The endowments of colleges and chapels and Dissenting places of worship and schools are considered by the law as charities; and the late bill proposed to extend the guardian care of the Commissioners over chapels and schools. The Commissioners were to be empowered, under certain contingencies and conditions, to declare that the intention of the donor of any charity to these establishments could not be carried into effect, and therefore to alter the application of the funds. It will be recollected that they were enjoined to state in their reports what charities had ceased to be beneficial or become injurious, and what required to be regulated and reformed." What, then, was there to prevent these Commissioners from some day agreeing that certain chapelries had ceased to be beneficial, or that certain schools were positively injurious? But the Universities of Oxford and Cambridge were expressly exempted from the operation of the bill, and the temporalities of the Church were jealously guarded. In every case of a Charitable Trust for the benefit or education of members of the Establishment, no trustee could act until he made and signed a declaration before some judge of one of the superior courts at Westminster that he was "really and bond fide a member of the United Church of England and Ireland, as by law established."

Why were the interests of Dissenters to be left unguarded, and exposed to the encroachments of a law which called forth such vigilant precautions from the dominant Church?
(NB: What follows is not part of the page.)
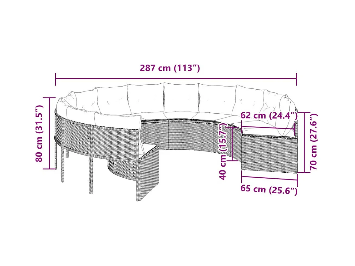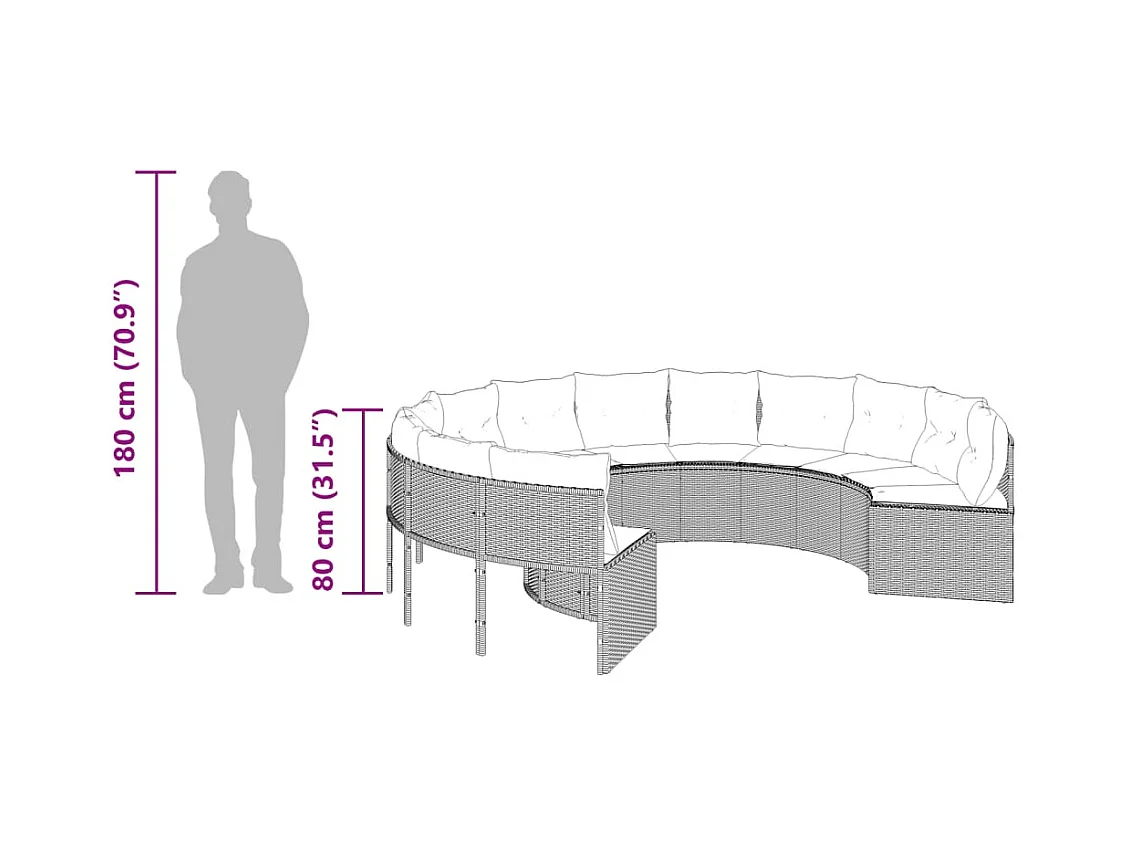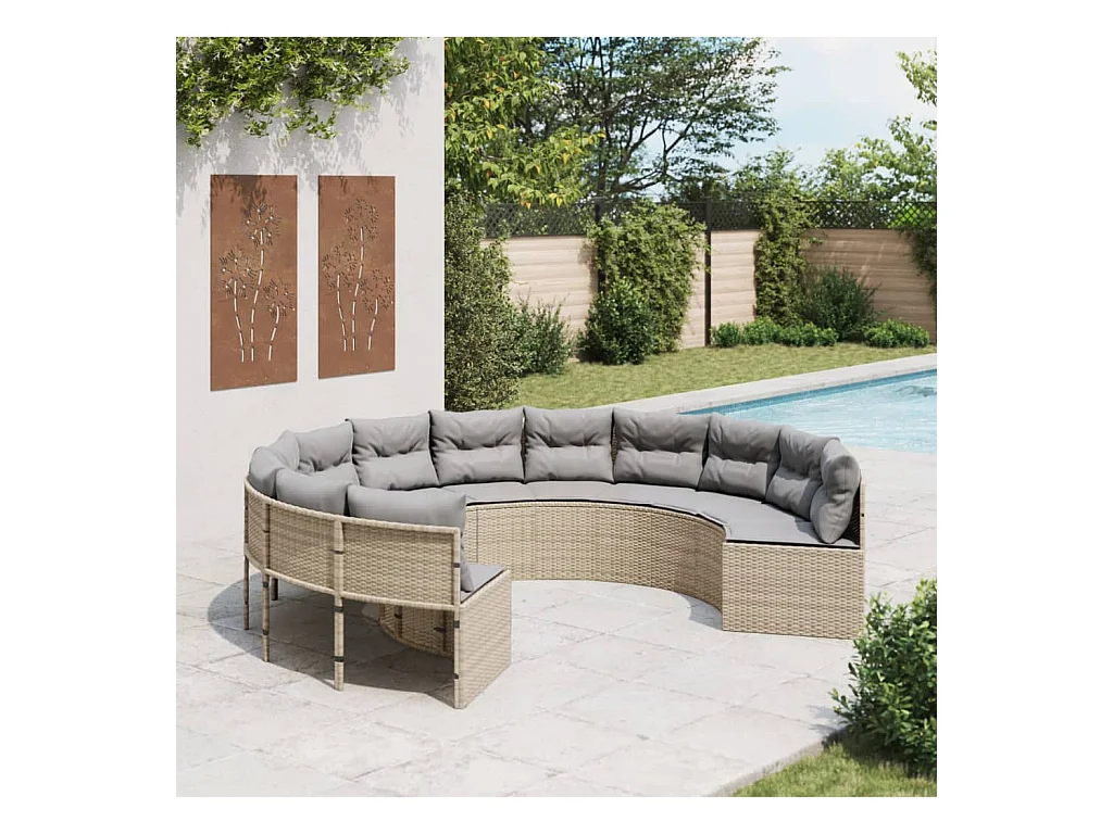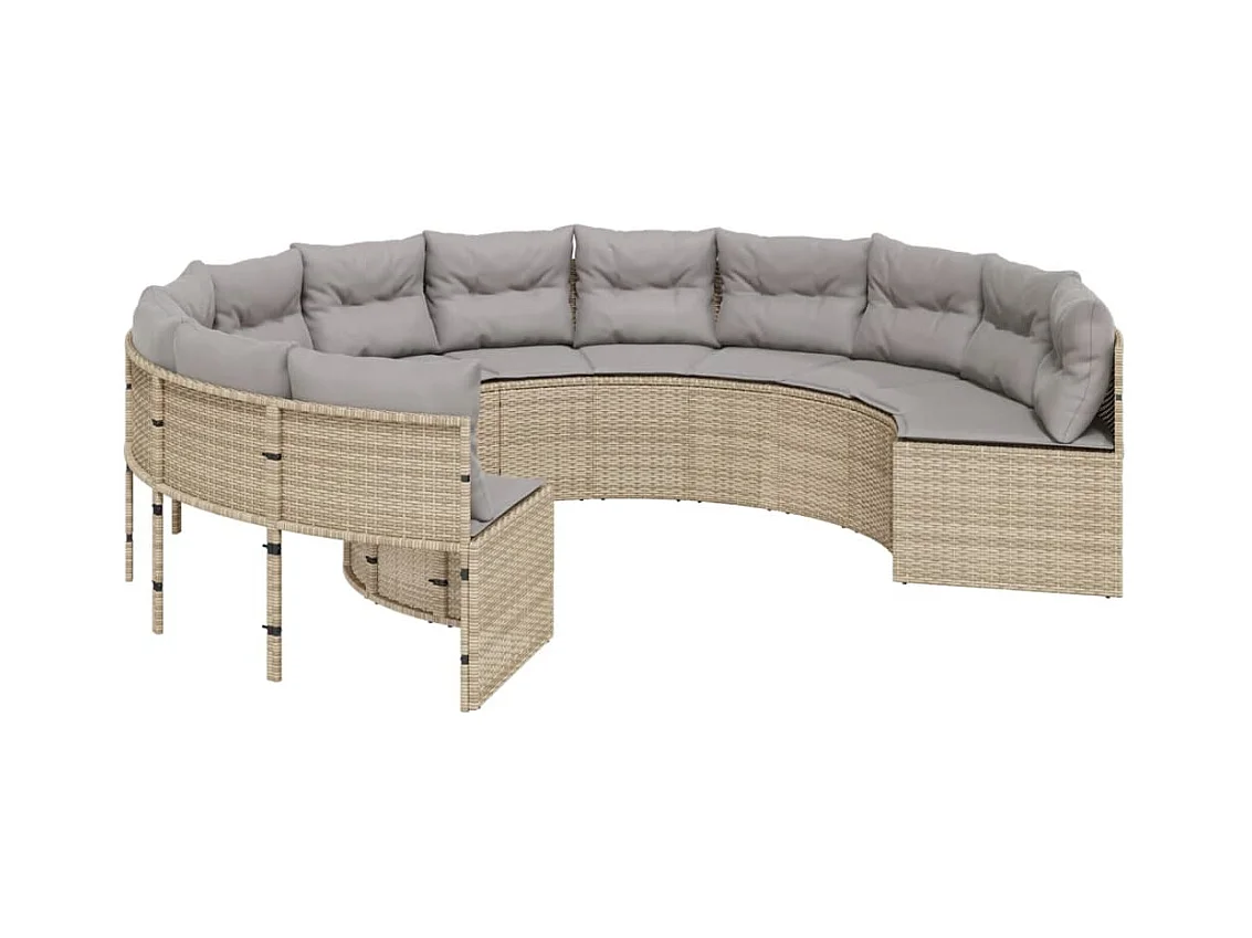 Tuinbank met tafel en kussens halfrond poly rattan beige

Why was not the property of Nonconformist congregations protected by some exceptional safeguards, which were admitted to be necessary for the security of the Establishment? Thus treated, the Dissenters could

but perceive in the late Charitable Trusts Bill (and we trust they will be equally vigilant in respect to any future project of a similar kind) a measure intended to convert to other purposes the benefactions which they and their forefathers had devoted to the support and advocacy of their respective faiths. For, be it recollected that, according to the 19th clause of the bill, if a majority of the trustees and the special visitor for the time being of any charity, i. e. of any Dissenting chapel or school, could be gained over, the Commissioners might "settle or approve a scheme for the application of the property to any purposes they shall think fit."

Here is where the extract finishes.